§ **PROMPT**:
Produce a word-for-word copy of the line that contains "Yellow pullover is" and each line after it through the end of the material, omitting pictures and all other lines.

§ **DATA EXCERPT**:
--------
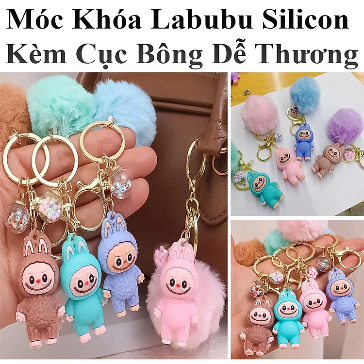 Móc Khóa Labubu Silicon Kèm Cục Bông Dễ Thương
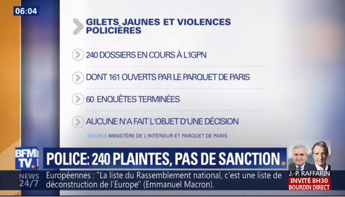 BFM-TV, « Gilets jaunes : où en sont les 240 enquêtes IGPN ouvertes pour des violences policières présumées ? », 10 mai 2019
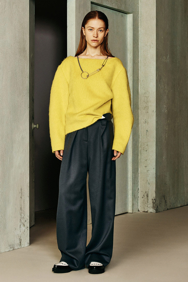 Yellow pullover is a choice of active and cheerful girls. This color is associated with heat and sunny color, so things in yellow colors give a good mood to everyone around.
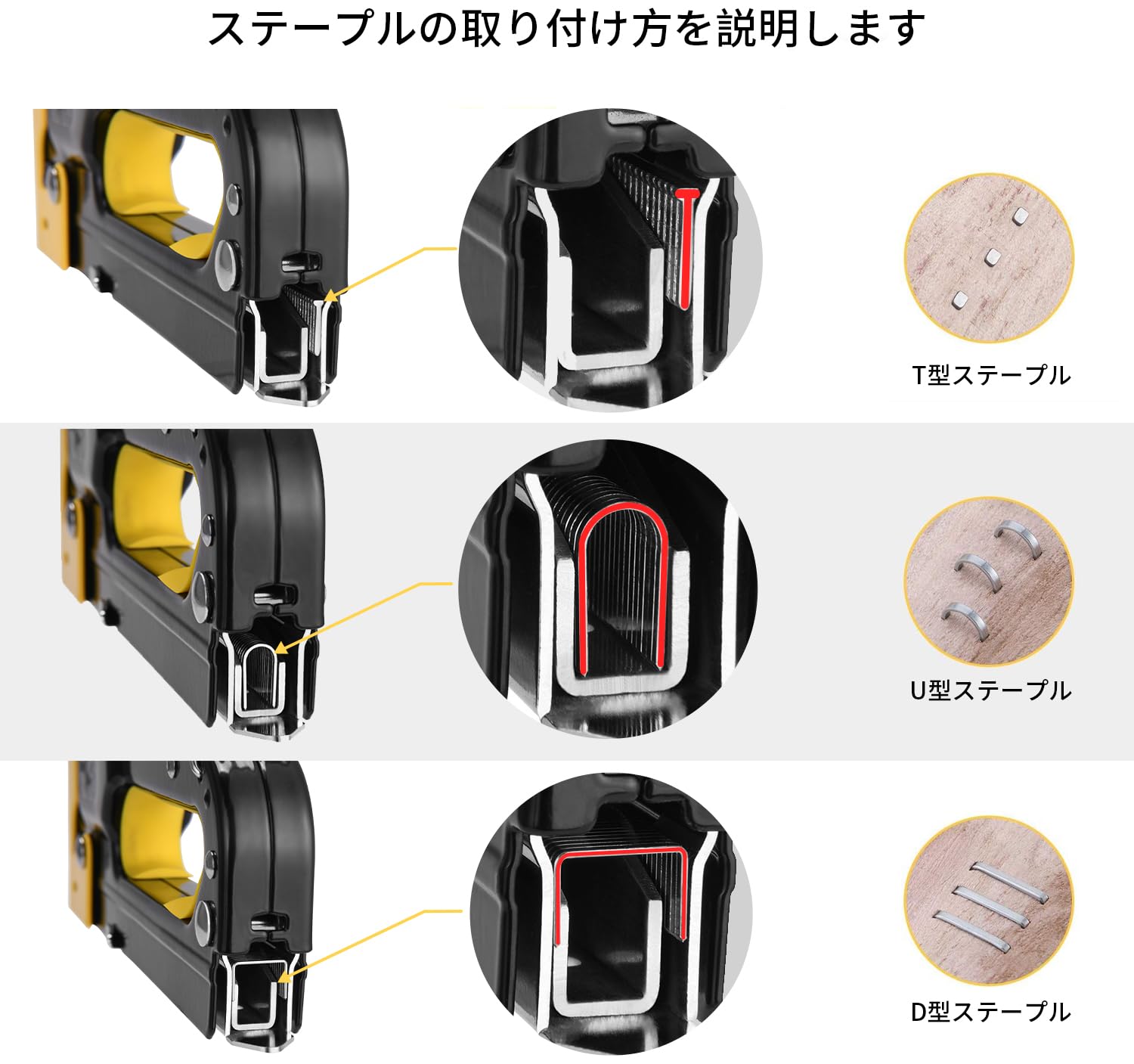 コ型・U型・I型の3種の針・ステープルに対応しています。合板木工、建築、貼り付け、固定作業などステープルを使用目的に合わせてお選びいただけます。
--------
§ **RESULT OF THE TASK**:
 Yellow pullover is a choice of active and cheerful girls. This color is associated with heat and sunny color, so things in yellow colors give a good mood to everyone around.
 コ型・U型・I型の3種の針・ステープルに対応しています。合板木工、建築、貼り付け、固定作業などステープルを使用目的に合わせてお選びいただけます。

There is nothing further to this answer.